Member of the National Assembly of South Africa
- Incumbent
- Assumed office 25 June 2024

Member of the KwaZulu-Natal Legislature
- In office 30 August 2022 – 2024
- Preceded by: Rishigen Viranna

Personal details
- Born: Edwin Victor Baptie 15 January 1957 (age 69)
- Party: Democratic Alliance
- Profession: Politician

= Edwin Baptie =

South African politician

Edwin Victor Baptie (born 15 January 1957) is a South African politician who has been a Member of the National Assembly of South Africa for the Democratic Alliance (DA) since 2024. Prior to his election to Parliament, he served as a member of the KwaZulu-Natal Legislature from 2022 to 2024 and as the leader of the DA caucus in the uMdoni Local Municipality.

==Political career==
Baptie was the ward councillor for ward 10 in the uMdoni Local Municipality. He was appointed chairperson of the Democratic Alliance's Ugu North Constituency in 2016. He served as the leader of the DA caucus from 2007 until his resignation from council to take up a seat in the KwaZulu-Natal Legislature in August 2022.

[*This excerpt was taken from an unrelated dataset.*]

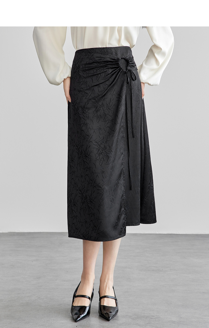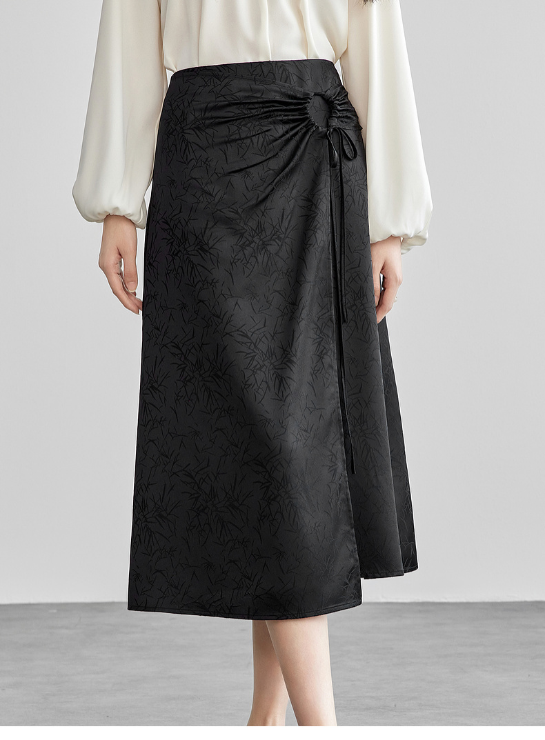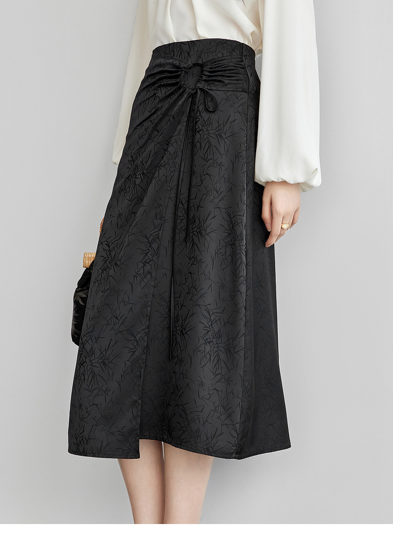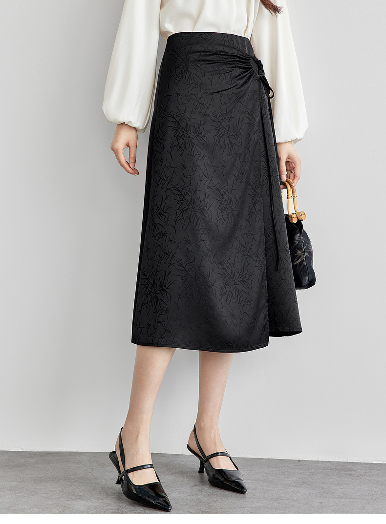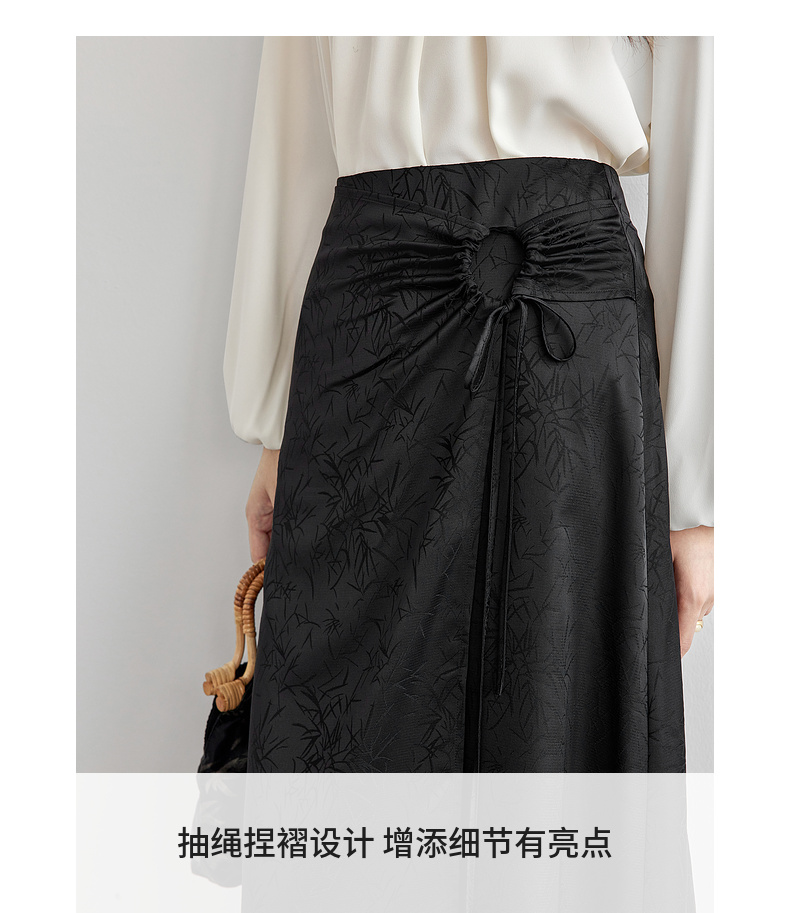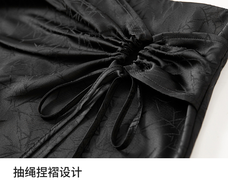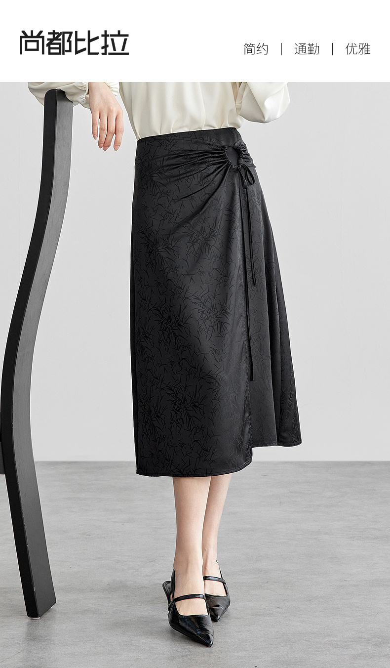 【内购】尚都比拉国风新中式时尚抽绳设计裙摆开衩复古印花半身裙-57472

On 30 August 2022, Baptie was sworn in as a member of the KwaZulu-Natal Legislature. He replaced former DA MPL Rishigen Viranna, who had resigned from the legislature after he was awarded a two-year scholarship to study Global Health in Sweden.

Baptie stood as a DA parliamentary candidate on National list in the 2024 national elections and was subsequently elected to the National Assembly of South Africa. He was sworn in on 25 June 2024. He is a member of the Portfolio Committee on Electricity and Energy.